The peroxisomal matrix protein import system shares mechanistic similarities with the endoplasmic reticulum/proteasome degradation process (ERAD), indicating a common evolutionary history.
Figure: ER-peroxisome connection a) Endoplasmic reticulum associated degradation process (ERAD), adapted from (McCracken and Brodsky 2003). b) Essential components of the import machinery in peroxisomes. Based on orthology/ phylogenetic criteria, we propose that peroxisome and ER would use a similar mechanism to recycle the peroxisomal receptors and export proteins to the cytosol, respectively. First, the proteins directed to the peroxisome would be binding to the peroxisomal Pex5 or Pex7 receptors (Pex7 binds to Pex20 in N. crassa, to Pex18 and Pex21 in S. cerevisiae, and to the long form of Pex5 in mammals). Once bound to their cargoes, Pex5, and Pex7 would approach to the peroxisomal membrane and get translocated into the peroxisome. In the matrix, receptors will be uncoupled and exported to the cytosol for recycling. The attachment of ubiquitin to Pex5 emerging from the export channel, most likely by Pex4, would drive the receptor dislocation. Pex1 and Pex6 would then recognize this single ubiquitin as signal, then unfold the complex and mediate the export to the cytosol using ATP hydrolysis. Other cytosolic E2, such as Ubc4 and Ubc5 would polyubiquitinate Pex5 and Pex18 and address them to the proteasome for degradation.

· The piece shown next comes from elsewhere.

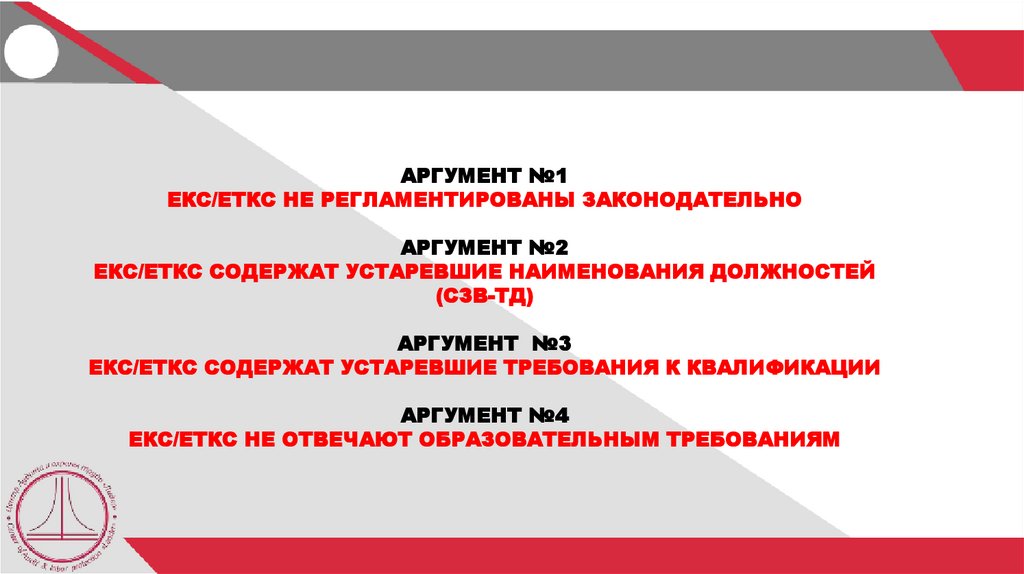 100. АРГУМЕНТ №1 ЕКС/ЕТКС НЕ РЕГЛАМЕНТИРОВАНЫ ЗАКОНОДАТЕЛЬНО АРГУМЕНТ №2 ЕКС/ЕТКС СОДЕРЖАТ УСТАРЕВШИЕ НАИМЕНОВАНИЯ ДОЛЖНОСТЕЙ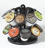 The Nifty mini carousel for K-Cups, you can elegantly display all your favorite types of K-Cups, while the picture is not much space. The mini-carousel can hold up to 18 K-Cups. The Nifty is mini carousel for K-Cups for dorm rooms, small kitchen and small offices. The Lazy Susan base 360-degree rotation allows easy access to your favorite K-Cup. The black powder-coated surface looks elegant on any kitchen countertop.

A recent work (Gabaldón et al, 2006) show that most peroxisomal proteins (39–58%) are of eukaryotic origin, comprising all proteins involved in organelle biogenesis or maintenance. A significant fraction (13–18%), consisting mainly of enzymes, has an alpha-proteobacterial origin and appears to be the result of the recruitment of proteins originally targeted to mitochondria.
Figure: Evolution of the peroxisomal proteome Evolution of the peroxisomal proteome. Biochemical pathways reconstructed according to KEGG and annotations of peroxisomal proteins. For details on the reconstruction of ancestral states see supplemental material. Color code: yellow, eukaryotic origin; green, alpha-proteobacterial origin; red, actinomycetales origin; blue, cyanobacterial origin; white, origin unresolved. Note that the ancestral eukaryotic peroxisomal proteome reconstruction depends on the topology of the eukaryotic tree. If an alternative topology is considered, placing kinetoplastida and viridiplantae together [49], and the plant peroxisomal proteome is taken from the Araperox database [31], then the reconstructed ancestral eukaryotic peroxisomal proteome would be much larger, including all proteins present in the opisthokont proteome except for ANT1, IDP3, FOX3, PEX13 and PEX19.